An exact restatement of all the data is required, with the pictures left out.

RAW DATA:
══════

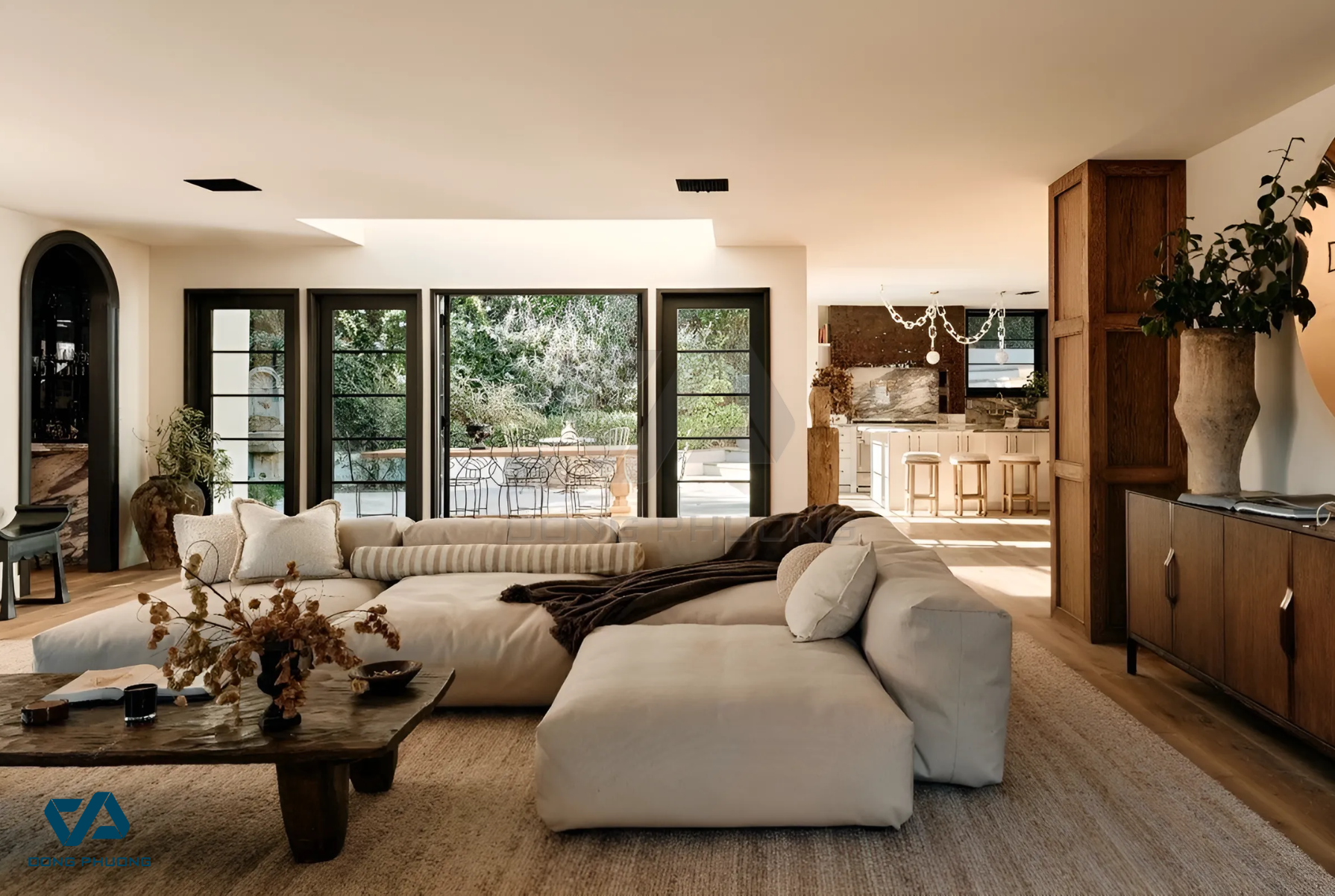Xu hướng “Less is More” vẫn thống trị năm 2025. Cửa chính sử dụng khung nhôm mảnh, màu trung tính, loại bỏ chi tiết thừa thãi để làm nổi bật không gian rộng và ánh sáng tự nhiên.
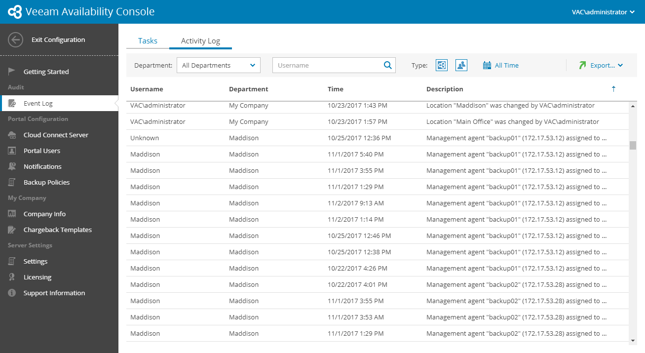 The activity log keeps track of configuration, management and security-related activities in Veeam Availability Console.
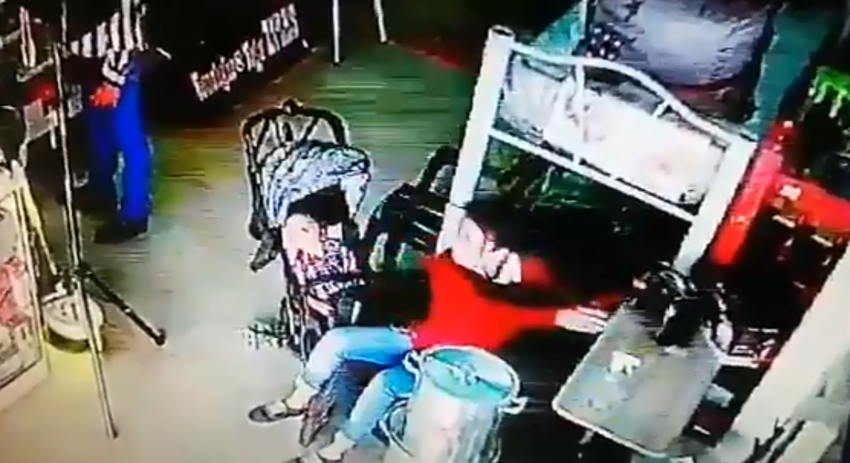 En el audiovisual, se logra ver cómo las tres personas ingresan al recinto, la mujer, se sienta en un banco y al ver el descuido de la vendedora, saca un parlante que estaba colocado sobre el mostrador y lo esconde en la parte trasera del accesorio para trasladar al niño.

══════

ANSWER SPACE:
Xu hướng “Less is More” vẫn thống trị năm 2025. Cửa chính sử dụng khung nhôm mảnh, màu trung tính, loại bỏ chi tiết thừa thãi để làm nổi bật không gian rộng và ánh sáng tự nhiên.
 The activity log keeps track of configuration, management and security-related activities in Veeam Availability Console.
 En el audiovisual, se logra ver cómo las tres personas ingresan al recinto, la mujer, se sienta en un banco y al ver el descuido de la vendedora, saca un parlante que estaba colocado sobre el mostrador y lo esconde en la parte trasera del accesorio para trasladar al niño.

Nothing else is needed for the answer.